++++ AVAILABLE DATA

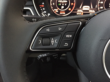 Рулевая колонка тестового Audi A4 имеет механическую регулировку по длине и высоте, что в контексте автомобиля стоимостью больше 4 миллионов рублей смотрится незатейливо и даже диковато. Судя по информации из конфигуратора на сайте производителя, такой опции, как рулевая колонка с электроприводом, а следовательно, и памятью положения, для Audi A4 не существует в принципе.
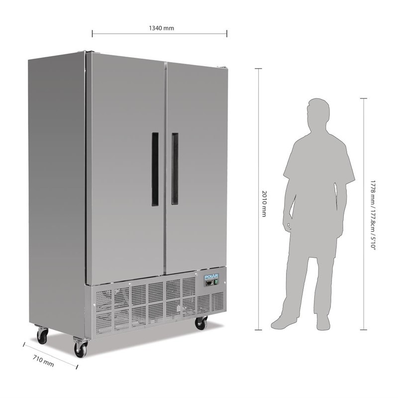Deze slimline, 2-deurs vriezer van Polar is ideaal voor keukens met beperkte ruimte. Met nauwkeurige digitale temperatuur controller en robuuste afsluitbare deuren, zodat uw producten veilig en op de juiste temperatuur bewaard kunnen worden. Dankzij de RVS en aluminium constructie en de robuuste wielen is de vriezer eenvoudig te reinigen en te manoeuvreren.
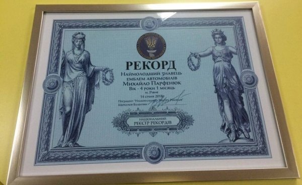 Чотирирічний Михайлик Парфенюк з Рівного може втерти носа досвідченому та бувалому автолюбителю: хлопчик знає емблеми 250 марок автомобілів. Його ім’я 14 січня внесли до Книги рекордів України. Про це пише «Рівне вечірнє».

++++++++

▶ **EXERCISE GOAL**:
Reproduce the data word for word without its images.

▶ **REPLY**:
 Рулевая колонка тестового Audi A4 имеет механическую регулировку по длине и высоте, что в контексте автомобиля стоимостью больше 4 миллионов рублей смотрится незатейливо и даже диковато. Судя по информации из конфигуратора на сайте производителя, такой опции, как рулевая колонка с электроприводом, а следовательно, и памятью положения, для Audi A4 не существует в принципе.
Deze slimline, 2-deurs vriezer van Polar is ideaal voor keukens met beperkte ruimte. Met nauwkeurige digitale temperatuur controller en robuuste afsluitbare deuren, zodat uw producten veilig en op de juiste temperatuur bewaard kunnen worden. Dankzij de RVS en aluminium constructie en de robuuste wielen is de vriezer eenvoudig te reinigen en te manoeuvreren.
 Чотирирічний Михайлик Парфенюк з Рівного може втерти носа досвідченому та бувалому автолюбителю: хлопчик знає емблеми 250 марок автомобілів. Його ім’я 14 січня внесли до Книги рекордів України. Про це пише «Рівне вечірнє».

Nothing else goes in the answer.